As was recently reported in The Dartmouth ("RIAA threatens music downloaders," March 29), the RIAA likes to take the lunch/beer money of college students through what amounts to litigious bullying: a pre-litigation settlement ranging between $3,000-$5,000. Their stated effort is to help "teach students right from wrong" when it comes to music piracy. Their website also reminds us that when we pirate music, we hurt the entire chain of music production from the high schooler working at record stores to the companies trying to develop new artists. However, the site makes a glaring omission: When music is illegally downloaded, the record companies don't make money on record sales. So, they take it from us. Like all bullying, theirs is imprecise and rests on dubious grounds.

Why these amounts? Who knows! My guess is that this amount represents a strong deterrent to future file sharing, but not so strong that the RIAA can't get paid. This amount received over and over again will also add up: 400 settlements equals $1,200,000.

And surely, there must be some rationale behind who gets slapped with the pre-litigation settlement and who does not, right? Wrong. Nowhere are there stipulations regarding who gets prosecuted. This is selective enforcement at its worst, not to mention questionably legal.

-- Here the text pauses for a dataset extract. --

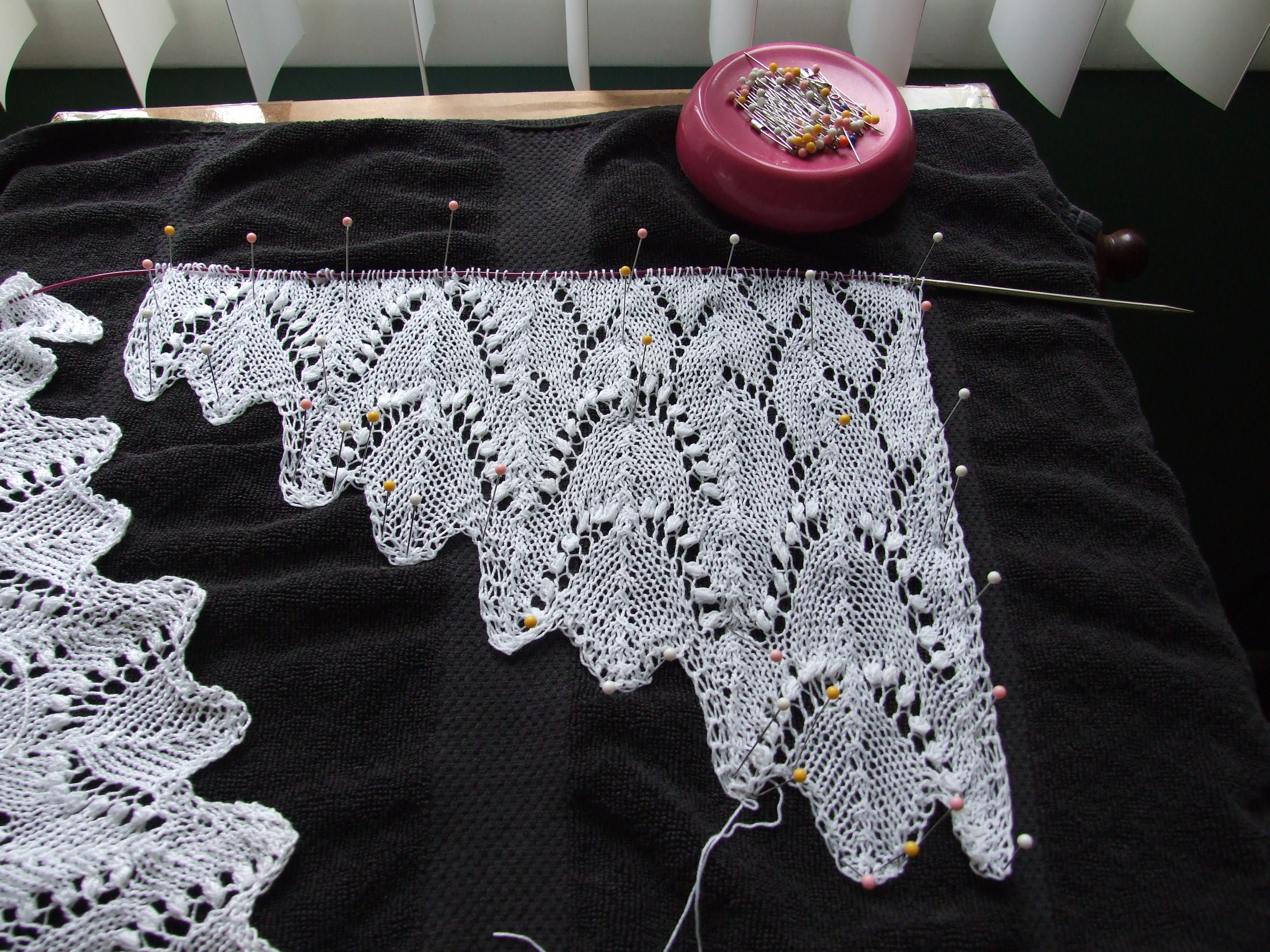 lace curtain finishedSince that time I have had over 700 uploads of the pattern. As a result, I have also had a request for a larger version.  To that end I have designed a 60 inch valance for those of you who have larger windows to cover.  It should go nicely with a 36-48 inch window.

What makes this situation more troubling, especially as the RIAA has the gall to use the moral language of "right and wrong," is that no information is provided regarding just how the RIAA gets your IP address and knows you have downloaded files illegally. I'm no legal scholar, but it seems to me that the actions of the record companies in these cases might conflict with our Fourth Amendment protection from unreasonable search and seizure.

So what is to be done? I think a solution begins with the record companies realizing that they are partly responsible for the problem instead of placing all the blame on users. If they had been more attentive to the effect of Internet technology on their industry eight years ago, they wouldn't be financially suffering today. Between 1999 and September 2003 -- when lawsuits began -- millions of today's college students became accustomed to downloading music free of charge. Where was the record industry at this time?

Additionally, this is yet another scenario of media distribution companies operating along a pre-Internet distribution rubric and blaming the web-savvy for their ingenuity. An updated distribution rubric must take into account web sales and the public's desire -- not to mention expectation -- of free music. I don't know exactly how this would look but it may include: making new hit singles free for downloading, making fewer physical CDs and thereby increasing their chances of turning a profit on these, and/or putting money towards aggressively disabling file-sharing applications so that they may no longer be downloaded.

That said, we as college students must recognize that downloading music off of Limewire, or through a person-to-person server, is not entirely legal either. Whether or not we have come to expect free music, we must at least acknowledge that some of what the companies are saying is correct -- regardless of how painful of an admission this is. In the end, it may only be when we collectively drop the somewhat arrogant expectation that music is a commodity to be freely downloaded that the companies will relax their litigious bullying.